Все постояльцы смотрели либо на Чарли, либо на входную дверь. С того места, где я стояла, в заднем конце стойки, я могла видеть только их затылки. Лишь один единственный мужчина смотрел в другую сторону.

На меня.

На долю секунды я так четко смогла его разглядеть, будто сделала фотографию — насмешливо приподнятые брови, рот скривившийся в саркастической улыбке — затем брешь закрылась, когда толпа вновь заполнила пустующее пространство.

Не Люк.

Внезапно мне захотелось, чтобы это был он.

Антон Ренард. Лидер Серафимов, группы Дуг-отступников, которые хотели видеть меня мертвой.

Это было взаимно.

Я заставила себя пойти к нему, но, когда добралась до барной стойки, он исчез, а в лей-линиях царило спокойствие.

— Какие-то проблемы? — спросил сзади Колин.

Он положил руки на мои плечи, и ощущение их веса утишило меня.

Я, дрожа, сделала вдох, и повернулась к нему.

— Мне показалось, будто я увидела Антона. Здесь.

Выражение его лица ожесточилось.

— Ты уверена?

— Нет.

Если бы это действительно был Антон, то я почувствовала бы в линиях отголосок заклинания, которое он использовал, чтобы скрыться. Либо я ошиблась, либо ему удалось как-то совсем не выделяться из толпы в баре Плоских, на южной стороне Чикаго. Но Антон, которого я знала, был слишком высокомерным, чтобы приспосабливаться к окружению.

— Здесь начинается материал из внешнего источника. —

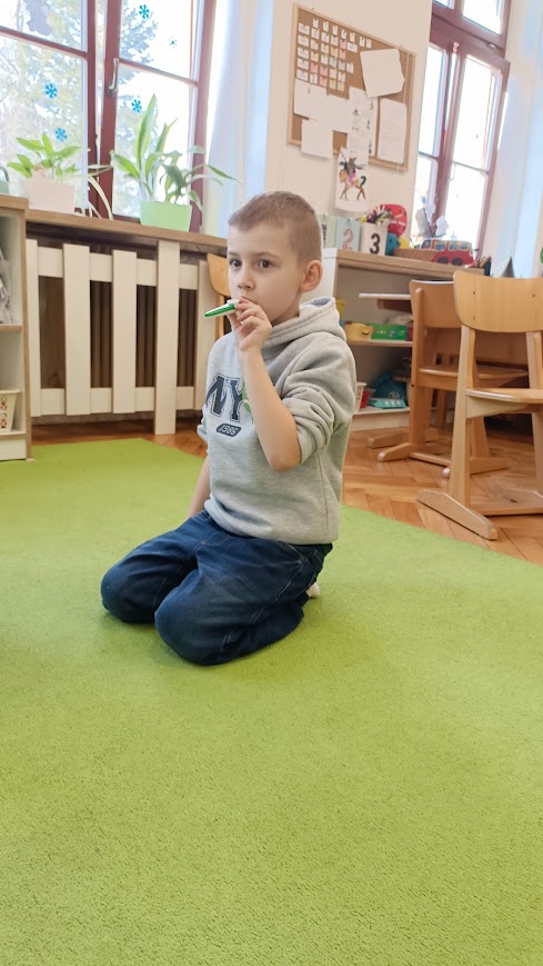 Nezapomněli jsme ani na dechová cvičení – foukali jsme do kazoo a trénovali správné dýchání. Nakonec jsme podpořili jemnou motoriku skládáním tvarů.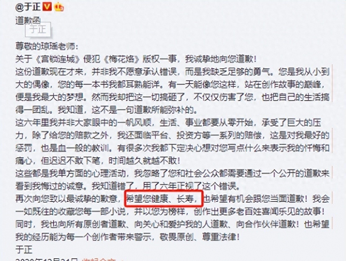 更让人捉摸不透的是,他在道歉信里还假惺惺地写希望琼瑶健康长寿。这跟他之前被曝光抄袭时那副不屑一顾、各种贬低的嘴脸一对比,再加上最近又被爆删道歉声明的事,简直太刺眼了。大家心里都在犯嘀咕,他写这话的时候,心里到底咋想的?是真的盼着琼瑶好,还是偷偷在想自己肯定比琼瑶活得久,然后这抄袭的破事就能随着时间消失不见?
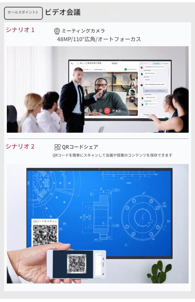 モーションセンサー、NFC機能、空気質検出、タッチペン検出、指紋認証、20Wサブウーファー、ホワイトボードソフトウェア(Smartboard/Qboard)、DMS管理機能

Что-то раздосадовало магию, или, возможно, это была мое собственное недовольство. Три месяца назад я добровольно отдалась магии — приняла ее в себя, объединилась с истоком магических сил Дуг — и выяснила, что это не просто сверхъестественный источник энергии, а разумное существо.

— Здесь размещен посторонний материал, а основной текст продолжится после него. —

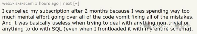 單個開發(fā)者的情況可能無法說明為何「代碼質(zhì)量」和「生產(chǎn)環(huán)境中的問題事件」在使用 AI 時顯得更加重要,但報告的數(shù)據(jù)揭示了一個可能的原因: 當開發(fā)者被一波又一波看似合適、能短期內(nèi)解決問題的建議所淹沒時,他們很容易不斷增加代碼量,卻忽視了代碼的優(yōu)化和復(fù)用。 ——如果按一下 Tab 鍵就能解決當前的問題,為什么要費心思管以后的事情? AI 助手和 Copilot 將如何重塑開發(fā)者的角色?隨著 AI 技術(shù)的廣泛應(yīng)用,毫無疑問,我們已經(jīng)進入了一個代碼增長速度空前的新時代。 那么,2024 年的問題可能是:誰來收拾事后的爛攤子? 網(wǎng)友討論 面對 AI 帶來的「全球代碼質(zhì)量下行」,網(wǎng)友也是深有體會: 譴責型:「我在兩個月后取消了訂閱(Copilot),因為我花了太多精力去修復(fù)所有代碼錯誤。而且在處理任何復(fù)雜的事情或與 SQL 有關(guān)的事情時,它基本上是無用的(即使我提前加載了整個模式)?!?/p>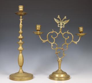 Hierbij een koperen éénlichts kandelaar op schijfvoet en een koperen tweelichts kandelaar met ornament met tweekoppige adelaar.

Живое. С тех пор наша связь усилилась. И хотя мы не могли разговаривать друг с другом, но мне все лучше удавалось понимать настроение магии, а она реагировала на мое: приятное жужжание под кожей, когда я была довольна; дрожь, каждый раз, когда я переступала порог Моргана. Я не знала, кто из нас был виновником диссонанса, который я ощущала.

Где-то впереди кто-то выкрикнул:

— Они здесь! Где Мо?

Как только входная дверь открылась, Колин схватил меня за руку и потащил вперёд. Толпа одновременно вдохнула, когда моя мать зашла внутрь с раскрасневшимися от холода и возбуждения щеками. И я забыла, что мне померещились какие-то там лица, потому что прямо позади нее стоял мой отец и моргал из-за шума и криков: «Сюрприз!» и «Добро пожаловать домой!». Я не видела его последние пять лет.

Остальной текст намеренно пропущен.